**REQUIREMENT:**
The copy must run from the first line of the entries below through the line containing "as common areas.", restated word for word, with pictures left out.

**THE INPUT:**
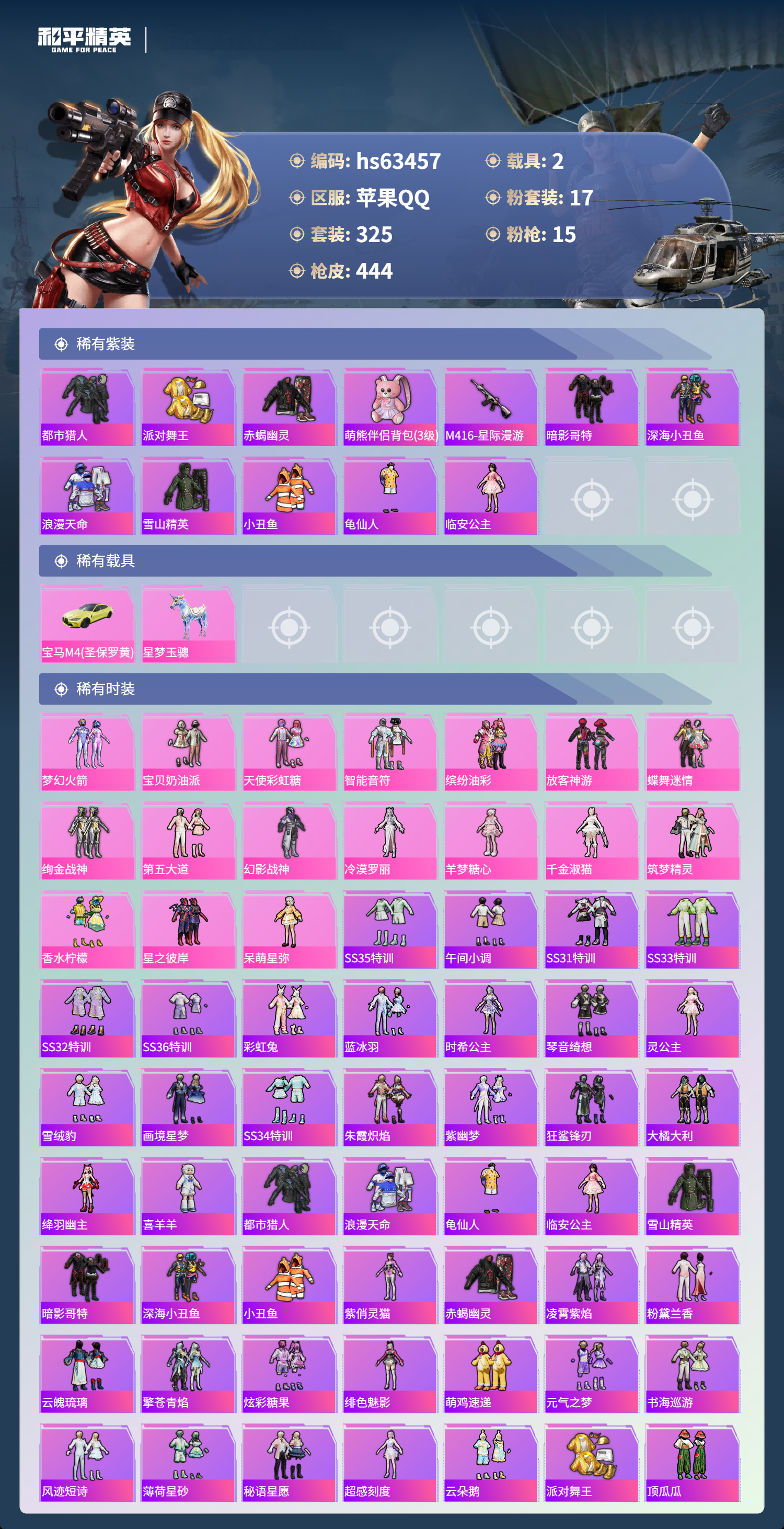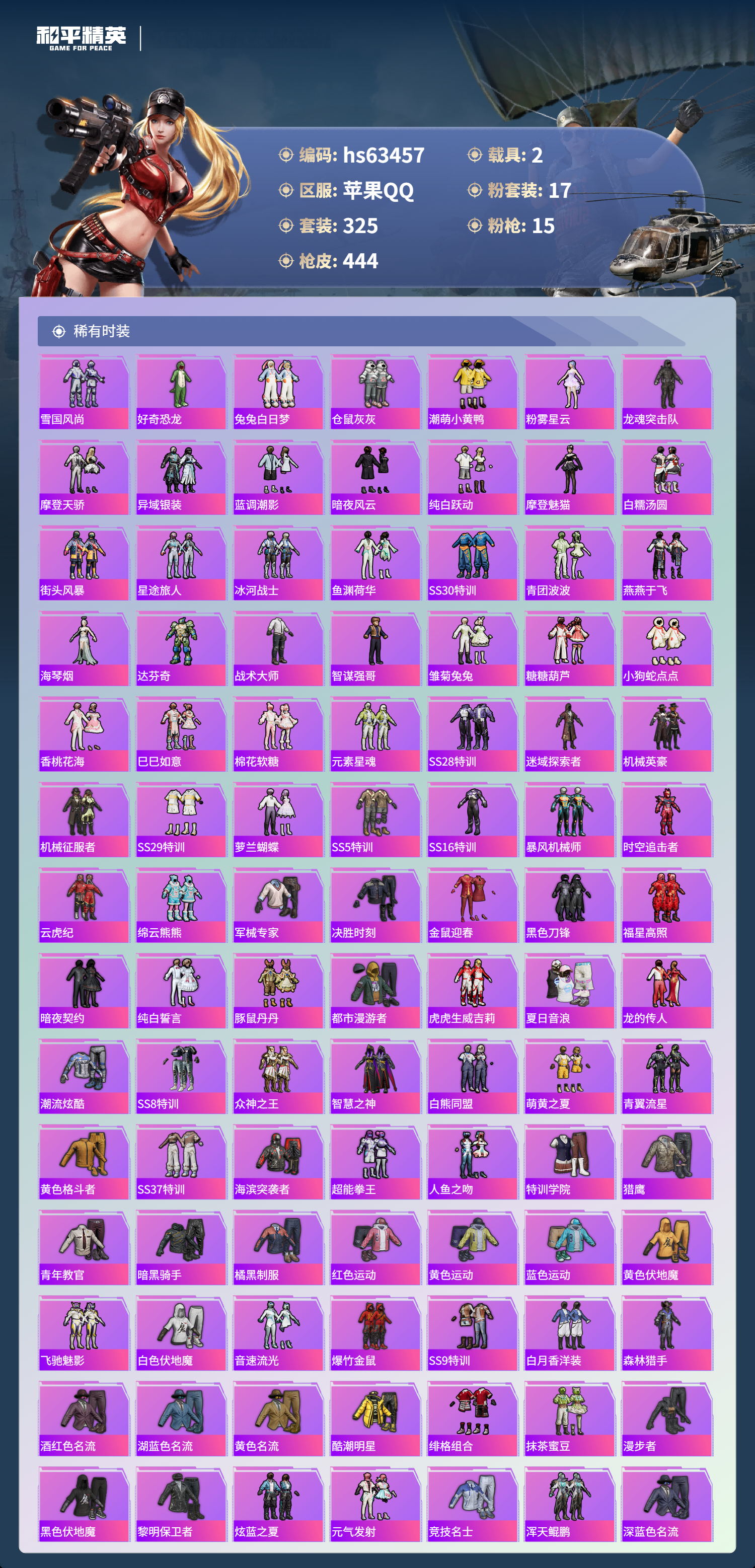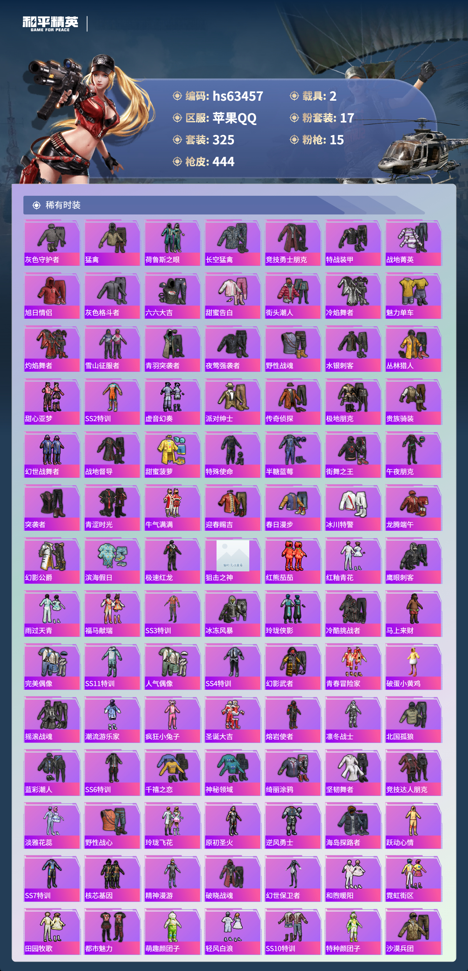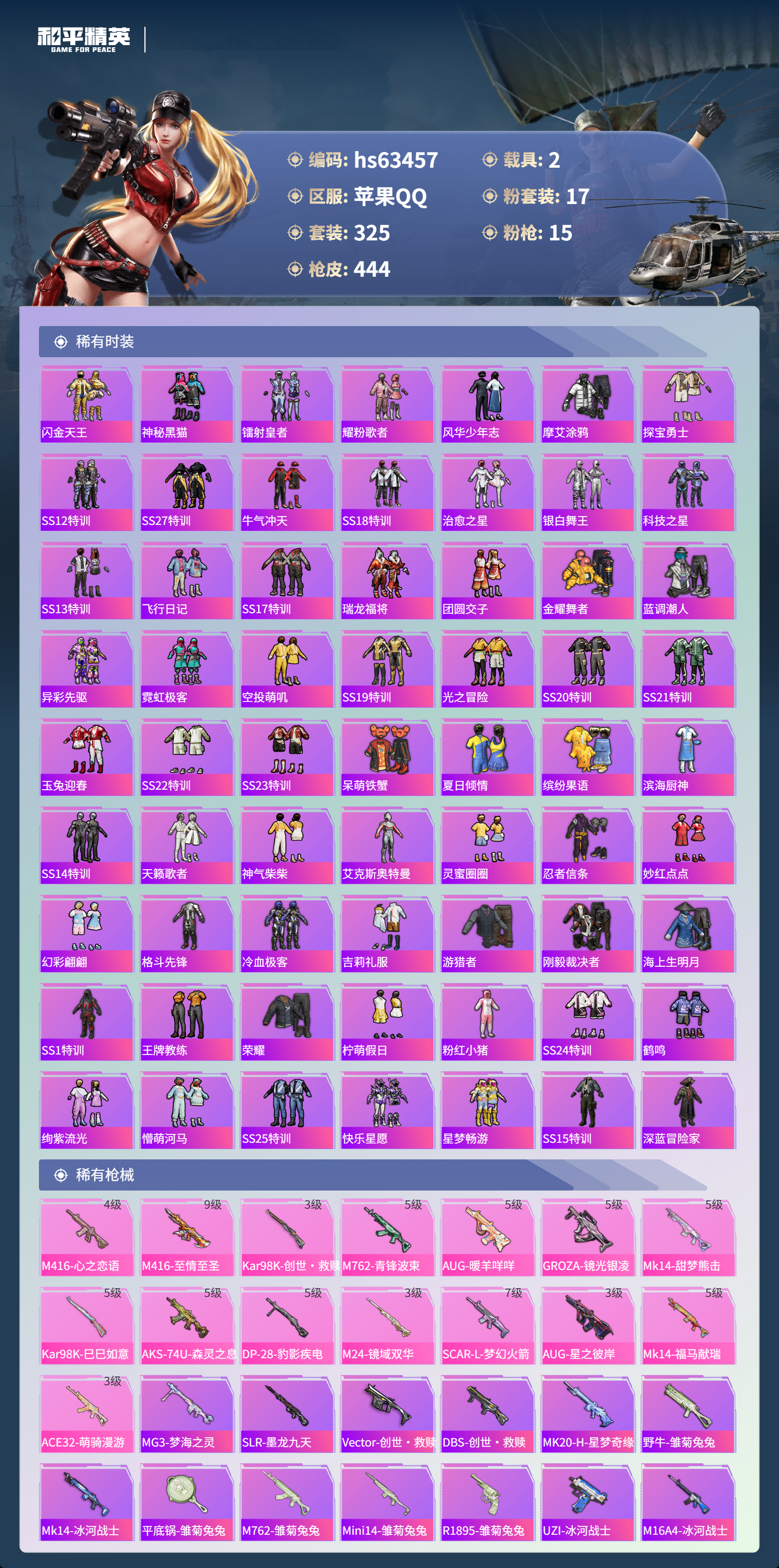 hs63457 苹果手Q-20王牌印记-17粉装-15特效枪-2载具-热力值-325套装-444枪皮-5卓越印记-2传奇印记
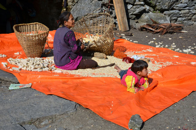 Immer wieder kommen uns Trekker entgegen, die auf Grund der Wetter- und Schneeverhältnisse den Larkya La nicht überqueren konnten. Wir können nur hoffen, dass die Zeit der Niederschläge endlich vorbei ist.
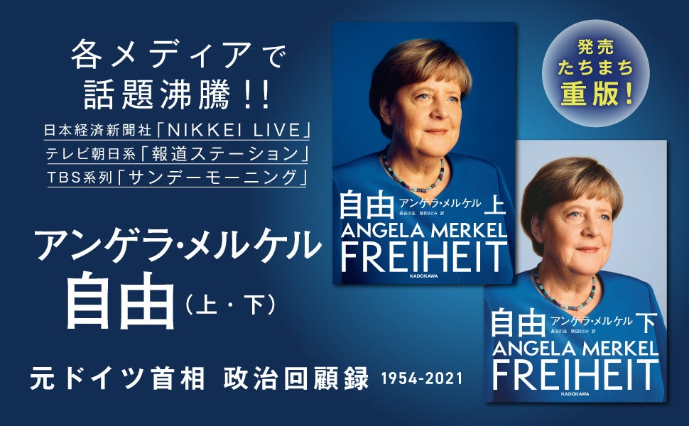 『自由』は5月28日にKADOKAWAから発売され、メルケル氏もプロモーションのため来日。「NIKKEI LIVE」日本経済新聞社、「報道ステーション」テレビ朝日系、TBS系列「サンデーモーニング」などで紹介され、多くの書店でbookランキング1位、2位を獲得し話題となっています(※)。対立が激化する時代において、本書は、東ドイツで子供時代を過ごしたメルケル氏の「自由」への重要な意思表明です。ぜひご注目ください。
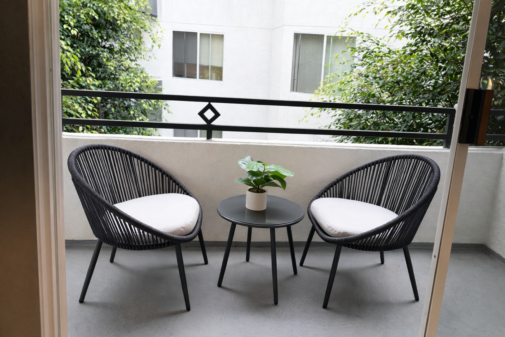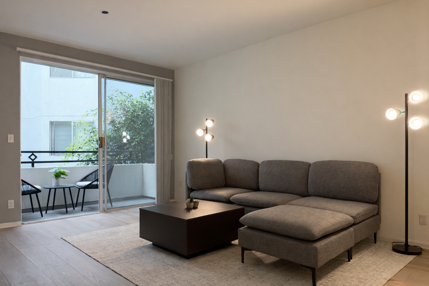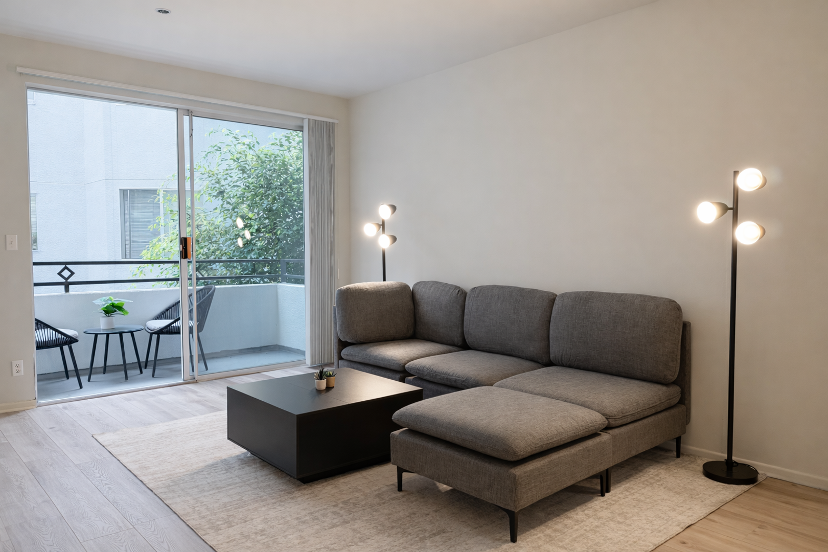 • It's a fully furnished 2 bedroom, 2 bathroom apartment with a spacious living room and balcony as common areas.
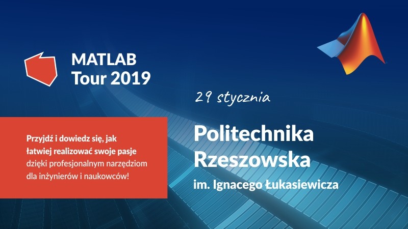 Zapraszamy pracowników uczelni oraz studentów na seminarium w ramach „MATLAB Tour 2019”. Spotkanie odbędzie się 29 stycznia w godz. 11.00-15.00 w Sali A-101 Rady Wydziału Elektrotechniki i Informatyki Politechniki Rzeszowskiej.
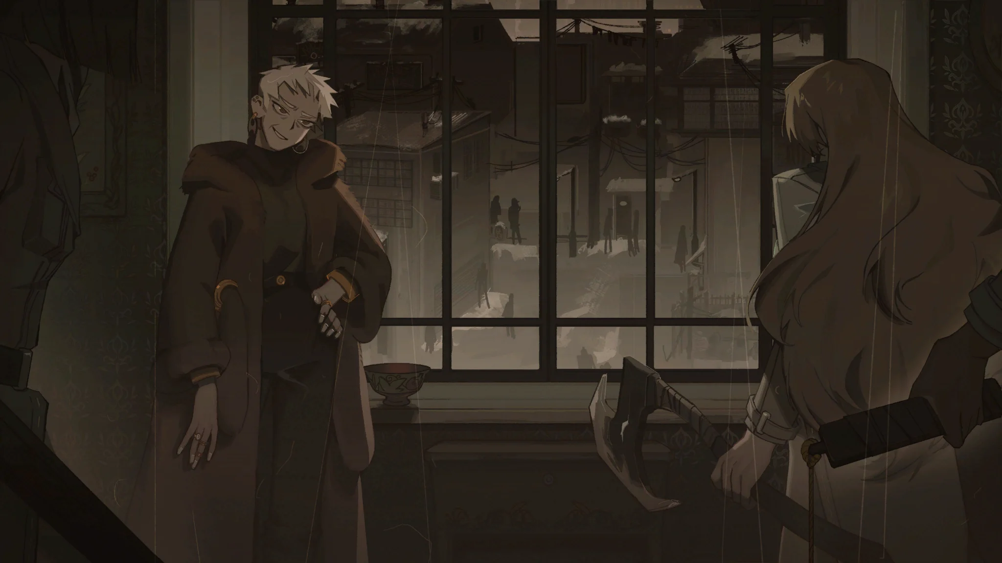 얼음처럼 투명한 머리카락을 가진 자가 우리를 기다리고 있었다.
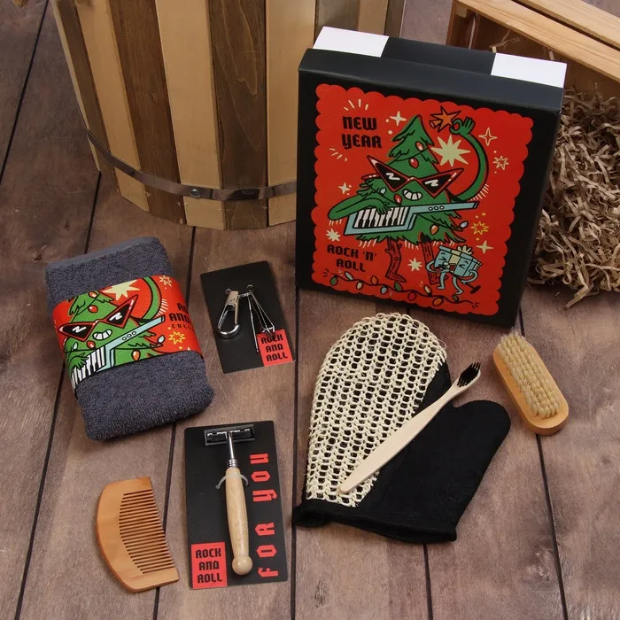 Набор новогодний подарочный "Крутая ёлка" полотенце и аксессуары (7 предметов) — Характеристики
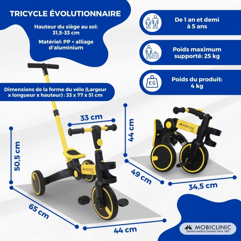 Tricycle 5 en 1 | Convertible | Réglable | Max 25 kg | Léger | 1,5-5 ans | Jaune | Chase | Mobiclinic
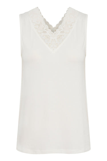 - OBS! Fjernlager. Levering kan blive forlænget med 2-3 dage, hvis varen ikke findes i vores butik lige nu.Feminin top fra Cream med v-udskæring i halsen, brede skulderstropper og flotte blondedetaljer.
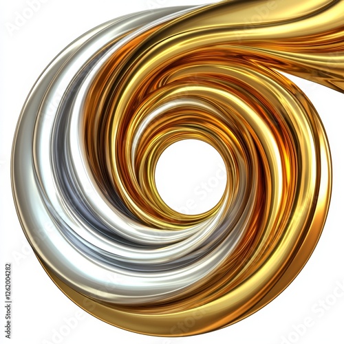 Abstract design featuring a swirling metallic pattern in gold and silver tones representing elegance and luxury in a captivating visual form

**EXERCISE OUTPUT:**
 hs63457 苹果手Q-20王牌印记-17粉装-15特效枪-2载具-热力值-325套装-444枪皮-5卓越印记-2传奇印记
 Immer wieder kommen uns Trekker entgegen, die auf Grund der Wetter- und Schneeverhältnisse den Larkya La nicht überqueren konnten. Wir können nur hoffen, dass die Zeit der Niederschläge endlich vorbei ist.
 『自由』は5月28日にKADOKAWAから発売され、メルケル氏もプロモーションのため来日。「NIKKEI LIVE」日本経済新聞社、「報道ステーション」テレビ朝日系、TBS系列「サンデーモーニング」などで紹介され、多くの書店でbookランキング1位、2位を獲得し話題となっています(※)。対立が激化する時代において、本書は、東ドイツで子供時代を過ごしたメルケル氏の「自由」への重要な意思表明です。ぜひご注目ください。
 • It's a fully furnished 2 bedroom, 2 bathroom apartment with a spacious living room and balcony as common areas.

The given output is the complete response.